Martin fears the tobacco companies could play the role of West Germany. He raised the prospect at the Expo in a conversation with a legendary grower named DJ Short.

“Short thinks some sectors would be hurt by legalization: lawyers would lose, the patient-ID-card services, the bailbondsmen [three of whom had booths across the aisle from O’Shaughnessy’s], and the doctors running recommendation mills.  At the same time there SHOULD be increasing demand for serious, conscientious doctors who have educated themselves about the endocannabinoid system.”

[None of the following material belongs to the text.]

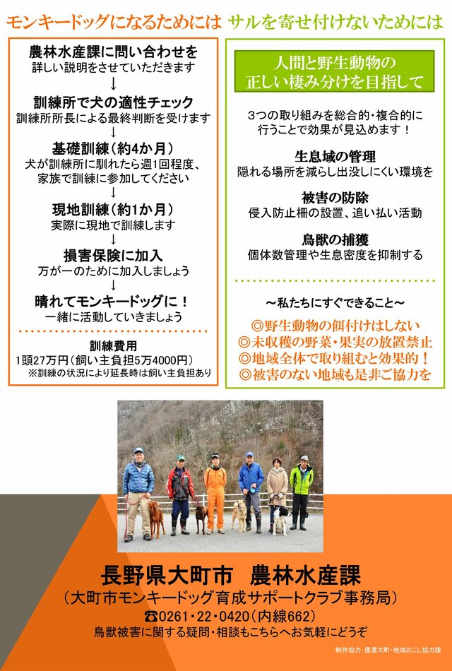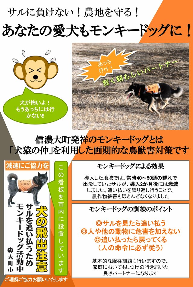 「アーバンモンキー・アーバンフォックス」人里に出現する野生動物 背景に「オオカミ絶滅」と「犬の位置付け変化」専門家は分析 ピンズバNEWS編集部 2024.6.1 (4/4ページ) 1ページ目から読む ■【画像】サルを追い払う「モンキードッグ」 なるのため訓練内容とその効果 「犬猿の仲」を活用した取り組みで、注目されている。 ※画像は長野県大町市公式HPより ※画像は長野県大町市公式HPより この画像の記事を読む 1 2 3 4

“Short thinks that hydroponics stores will take a hit with legalization because more people will grow outdoors. But more people may also grow indoors. And hydroponics stores also offer an array of super-fertilizers and phyto-nutrients prized by an avid clientele.

“What about the the grassroots growers, the ma and pa family pot farmers? Will the tobacco companies move in and flood the market with cheap, inorganic weed, bringing the price down? As of now there are thousands of families in Northern California not getting rich but supporting themselves as growers… Can they all survive as ’boutique’ operations?

“Best to keep the tobacco companies at bay if possible. The authorities are so nuts when it comes to anything cannabis-related that activists may be able to insert a small-is-beautiful plank into the inevitable regulatory apparatus.”